- Other names: Judith Margaret Parr

Academic background
- Alma mater: Australian National University
- Thesis: Revision in writing: cognitive and linguistic aspects (1989);

Academic work
- Discipline: Psychologist
- Sub-discipline: Educational psychology
- Institutions: University of Auckland
- Main interests: Literacy, writing

= Judy Margaret Parr =

New Zealand educational psychology academic

Judith Margaret Parr (née Grant) is a New Zealand educational psychology academic.
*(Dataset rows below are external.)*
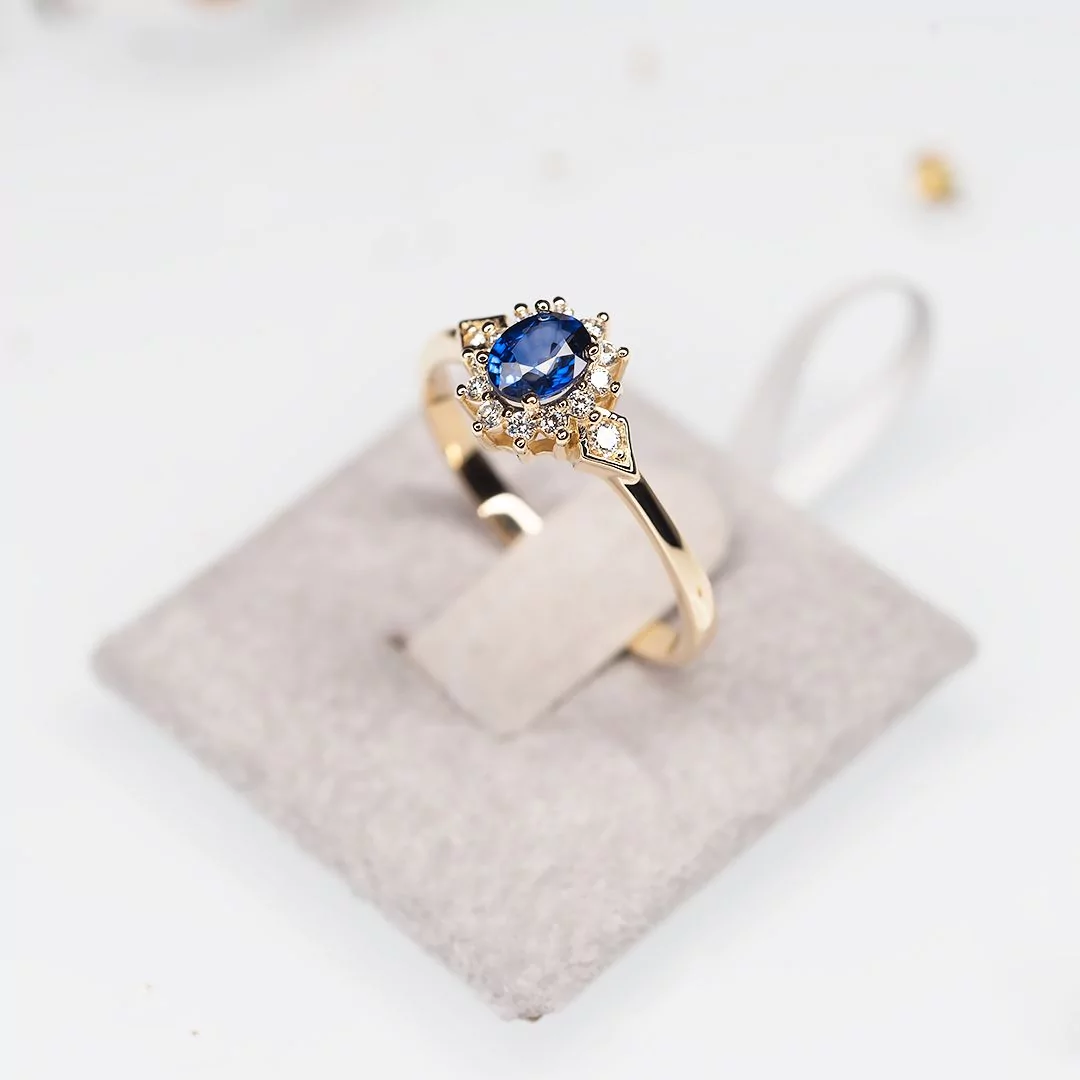Złoty pierścionek z niebieskim szafirem i diamentami TP0031ZNSR
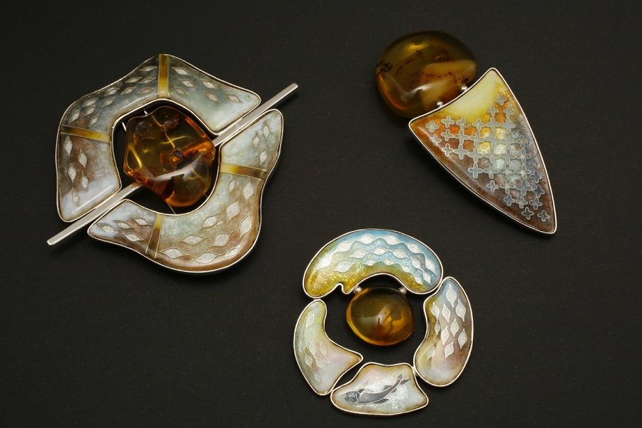 Автор подала эти броши в номинацию «Мастерство». И мастерство здесь великолепно: в обработке, в подборе цветов и, конечно, в представленных образах. Пластины серебра, покрытые эмалевыми узорами, впечатляют своей живостью: как будто бы это мягкая органическая плоть плывущих в воздухе или воде фантастических существ. По форме броши напоминают цветок: у каждой есть серединка и фантастическая юбочка из лепестков, — но образы не назидательны, они предполагают очень широкий смысловой диапазон в трактовке. И, конечно, они очень хорошо, мастерски сделаны. Жюри отдало «Триптиху» гран-при единогласно.
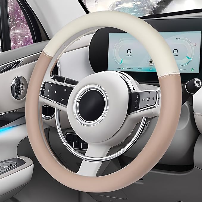 ZATOOTO ハンドルカバー バイカラー Sサイズ かわいい ステアリングカバー 軽自動車 おしゃれ ツートンカラー 普通車 適合多車種 タント ハスラー キャンバス ベージュ LY172-BE
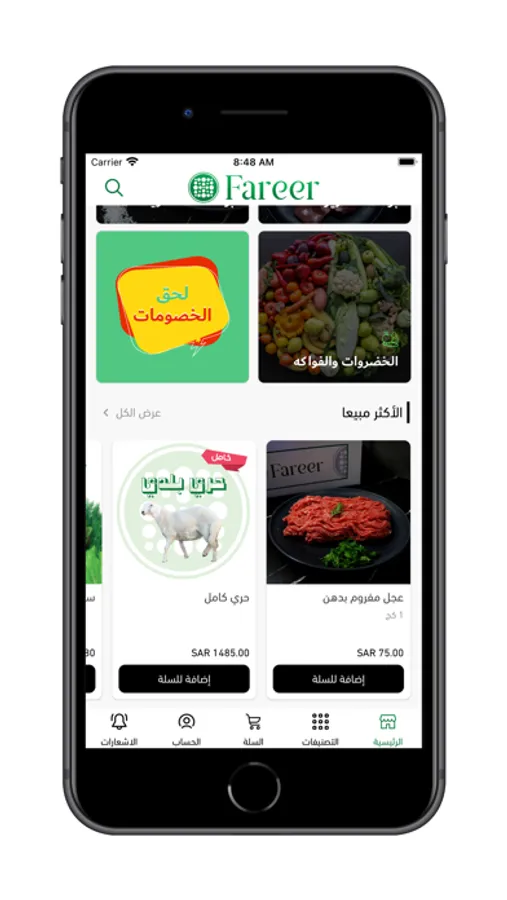باستخدام تطبيق "فرير"، يمكن للمستخدمين الاستمتاع بتجربة تسوق مريحة ومثالية لشراء اللحوم والخضروات والفواكه بجودة عالية وأسعار معقولة.

She is a full professor at the University of Auckland.

==Academic career==

After a secondary education at Matamata College (where her father was a teacher) and an undergraduate at the University of Auckland, Parr did a 1989 PhD at Australian National University titled "Revision in writing: cognitive and linguistic aspects". She then returned to Auckland and became a full professor in 2011.

Parr's research interests centre on literacy, particularly writing and has led to the publication of many documents for the Ministry of Education.

== Selected works ==
- Griffiths, Carol, and Judy M. Parr. "Language-learning strategies: Theory and perception." ELT journal 55, no. 3 (2001): 247–254.
- Parr, Judy M., and Helen S. Timperley. "Feedback to writing, assessment for teaching and learning and student progress." Assessing writing 15, no. 2 (2010): 68–85.
- Ward, Lorrae, and Judy M. Parr. "Revisiting and reframing use: Implications for the integration of ICT." Computers & Education 54, no. 1 (2010): 113–122.
- Parr, Judy M. "Extending educational computing: A case of extensive teacher development and support." Journal of Research on Computing in Education 31, no. 3 (1999): 280–291.
- Parr, Judy M., and Irene YY Fung. A review of the literature on computer-assisted learning, particularly integrated learning systems, and outcomes with respect to literacy and numeracy. Auckland Uniservices, University of Auckland, 2000.